If this was the case, his journey had a finite end, and there was no way he would be reaching deeper levels in the earth's mantle, where untold archaeological treasures might lie or past civilizations beyond anyone's imagination might have once lived — or still live.

He knew he shouldn't be disappointed. Despite all the danger he'd faced, he'd already made some of the most remarkable discoveries of the century, probably of any century. If he ever made it back home, he'd be lauded as one of the greats of the archaeological fraternity.

When he'd set out from Highfield on that day so long ago, heaving back the shelves in his cellar to begin down the tunnel he'd dug, as if he'd been a character from some farfetched children's story, he'd had absolutely no conception of what he was getting himself into. But he had got this far, and in the course of his journey he'd overcome everything that had been thrown at him, surprising himself in the process.

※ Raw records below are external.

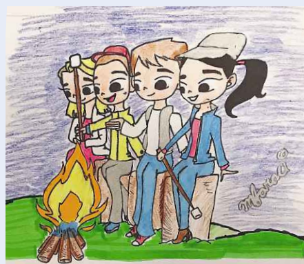
KIDSDAY STAFF ARTIST / MATT PARACI, SAYVILLE
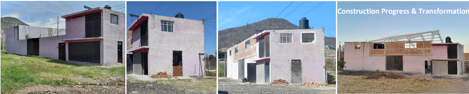
Construction Progress & Transformation
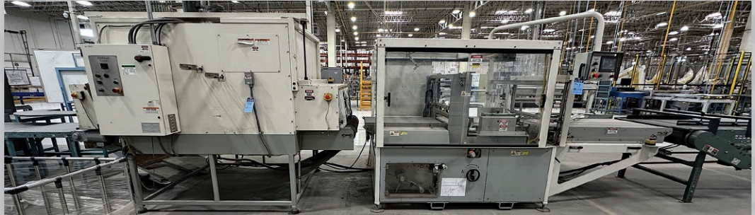
TexWrap STB-3618SSR Seal and Heat Shrink Line
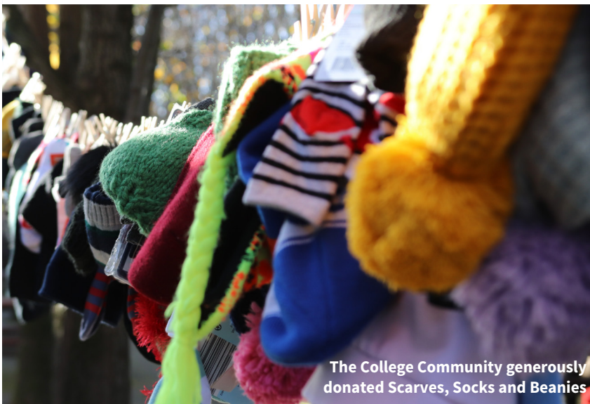
The College Community generously donated Scarves, Socks and Beanies

And now, as he thought about it, he realized he'd developed a taste for adventure, for taking risks. As he strolled down the dark path, his shoulders straightened and he allowed himself a swagger.

"Move over, Howard Carter," he declared in a loud voice. "Tutankhamen's tomb is nothing compared to my discoveries!"

Dr. Burrows could almost hear the thunderous applause, the accolades, and imagine the many television appearances and the…

His shoulders suddenly slumped again, and the swagger evaporated.

Somehow it wasn't enough.

Sure, he had a mammoth task ahead of him. Just documenting everything on the Coprolite map would be enough to keep him busy for many lifetimes — and require a huge research team — but still, he felt a profound sense of disappointment.